**Task statement**
A faithful, word-for-word copy of the records is required, and it must contain no pictures.

**Listed records**

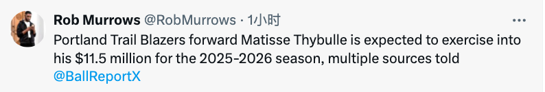 2025-06-16 12:40北京时间6月16日,据美记Rob Murrows报道,开拓者球员塞布尔预计执行25-26赛季1150万美元的球员选项,继续留队。
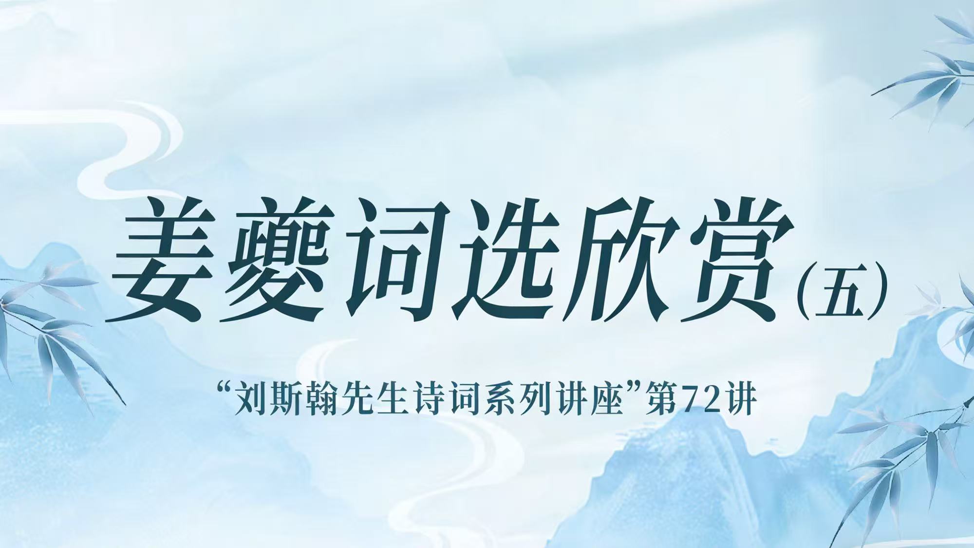 3月21日,“刘斯翰先生诗词系列讲座”举办第72讲,主讲嘉宾刘斯翰老师将带领我们赏析姜夔词作《庆宫春(双桨蓴波)》、《夜行船(略彴横溪人不度)》,透过词人时空转换的笔法,品味其中空灵苍茫的意境和含蓄婉转的情意。
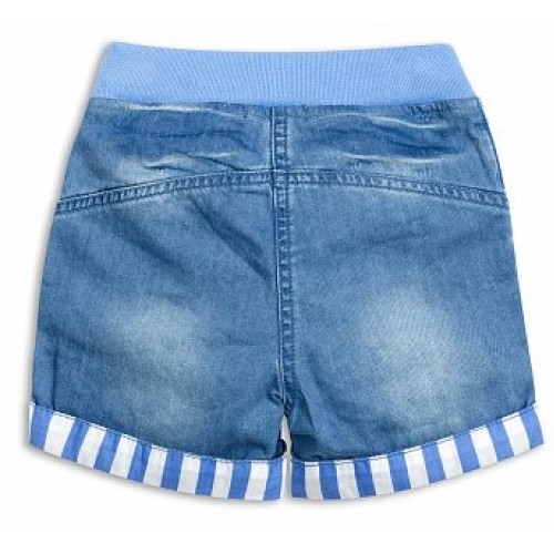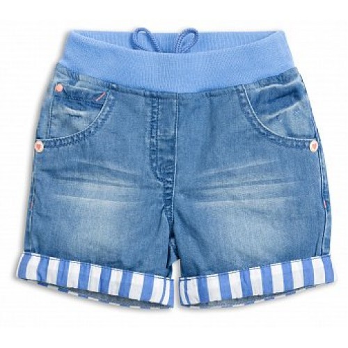 Джинсовые шорты, с отворотами в полоску, оригинальные клёпки с розовыми сердечками.
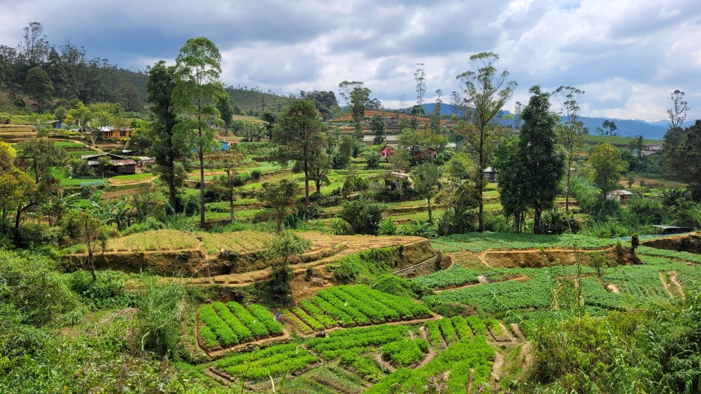 …zum höchstgelegenen Bahnhof Sri Lankas, auf 1898m. Dort ging es dann durch Gemüseanbau geprägte Landschaft…
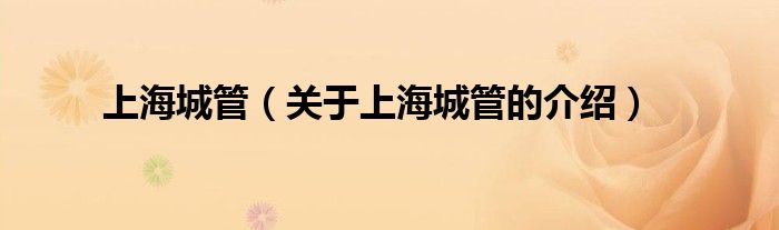 上海城管(关于上海城管的介绍)
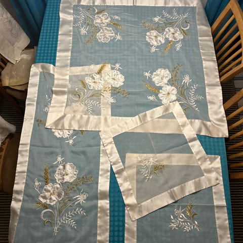 4 stk duker i forskjellig størrelser på offwhite bunn med broderi i gull, rustrødt, grønn og flere. Helt nye og ingen skader.

**Result**
 2025-06-16 12:40北京时间6月16日,据美记Rob Murrows报道,开拓者球员塞布尔预计执行25-26赛季1150万美元的球员选项,继续留队。
 3月21日,“刘斯翰先生诗词系列讲座”举办第72讲,主讲嘉宾刘斯翰老师将带领我们赏析姜夔词作《庆宫春(双桨蓴波)》、《夜行船(略彴横溪人不度)》,透过词人时空转换的笔法,品味其中空灵苍茫的意境和含蓄婉转的情意。
 Джинсовые шорты, с отворотами в полоску, оригинальные клёпки с розовыми сердечками.
 …zum höchstgelegenen Bahnhof Sri Lankas, auf 1898m. Dort ging es dann durch Gemüseanbau geprägte Landschaft…
 上海城管(关于上海城管的介绍)
 4 stk duker i forskjellig størrelser på offwhite bunn med broderi i gull, rustrødt, grønn og flere. Helt nye og ingen skader.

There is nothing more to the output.